Output is byte-identical to the toons Python package (Apache 2.0) and the official toon-format/toon TypeScript SDK. Passes 111/111 TOON spec fixtures covering primitives, objects, arrays (primitive/tabular/nested/bulleted), and whitespace.

Sigil-prefixed keys (@, $, #)

Keys starting with @, $, or # are treated as valid identifiers — no quoting needed. This gives native support for:

Sigil Ecosystem Examples
@ AWS CloudWatch, Elasticsearch, Serilog, XML→JSON @timestamp, @message, @version
$ MongoDB, JSON Schema, AWS CloudFormation $match, $ref, $schema, $type
# JSON-LD, Azure Resource Manager #comment, #id
# AWS CloudWatch Insights output
echo '[{"@timestamp":"2026-04-06T12:00:01Z","@message":"POST /api/v1/users 504","statusCode":504}]' | etoon
# [1]{@timestamp,@message,statusCode}:
#   "2026-04-06T12:00:01Z",POST /api/v1/users 504,504

Token savings (5 AWS CloudWatch log entries)
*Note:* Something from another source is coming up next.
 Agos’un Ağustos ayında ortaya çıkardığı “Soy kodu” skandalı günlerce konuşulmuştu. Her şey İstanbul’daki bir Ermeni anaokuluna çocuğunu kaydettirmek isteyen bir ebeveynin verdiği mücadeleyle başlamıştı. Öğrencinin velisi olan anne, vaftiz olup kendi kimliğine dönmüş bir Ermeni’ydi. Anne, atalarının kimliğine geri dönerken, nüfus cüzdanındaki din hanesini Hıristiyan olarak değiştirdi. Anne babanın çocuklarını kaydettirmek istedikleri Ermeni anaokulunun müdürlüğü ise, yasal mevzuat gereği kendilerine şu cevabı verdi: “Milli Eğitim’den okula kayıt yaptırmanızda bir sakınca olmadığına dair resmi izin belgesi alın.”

tiktoken (offline, BPE tokenizer):

Tokenizer (model family) JSON TOON Saved
o200k_base (GPT-4o/5/o3) 484 334 31.0%
cl100k_base (GPT-4/3.5 ≈ Claude) 479 332 30.7%

tokencalculator.ai (online, estimated per-model cost):

Model JSON TOON Saved
Est. Tokens 314 189 39.8%
OpenAI GPT-5.4 $0.000785 $0.000473 39.7%
Claude Opus 4.6 $0.001570 $0.000945 39.8%
Gemini 3.1 Pro $0.000628 $0.000378 39.8%
DeepSeek V3.2 $0.000088 $0.000053 39.8%
Grok 4.20 $0.000063 $0.000038 39.7%

Savings increase with volume — 50 entries reach 35%+ (tiktoken) as the tabular header is amortized.

Advanced options

These are TOON spec optional parameters, intended for programmatic use in your codebase (Python / Rust library calls). The CLI | etoon pipe for LLM workflows uses defaults and does not need these.

# Custom delimiter (when values contain commas)
etoon.dumps(data, delimiter="|")   # or "\t"
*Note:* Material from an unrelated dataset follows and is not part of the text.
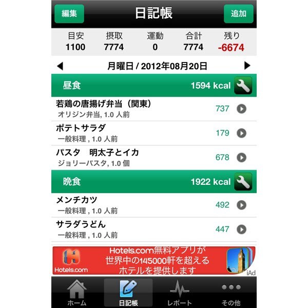 このアプリによると、ダイエット開始前の摂取カロリーは一日7,774kcal。

# Key folding: collapse {a:{b:{c:1}}} → "a.b.c: 1"
etoon.dumps(data, fold_keys=True)
etoon.dumps(data, fold_keys=True, flatten_depth=2)  # partial fold

Limitations

  • Integers > 2⁶³ are lossily coerced via f64 (works for most common big integers that happen to be representable; arbitrary-precision is not supported).
  • Custom indent is hardcoded to 2 spaces (TOON spec default).

License

Apache 2.0. Test fixtures in tests/fixtures/ are sourced from the toons project (Apache 2.0).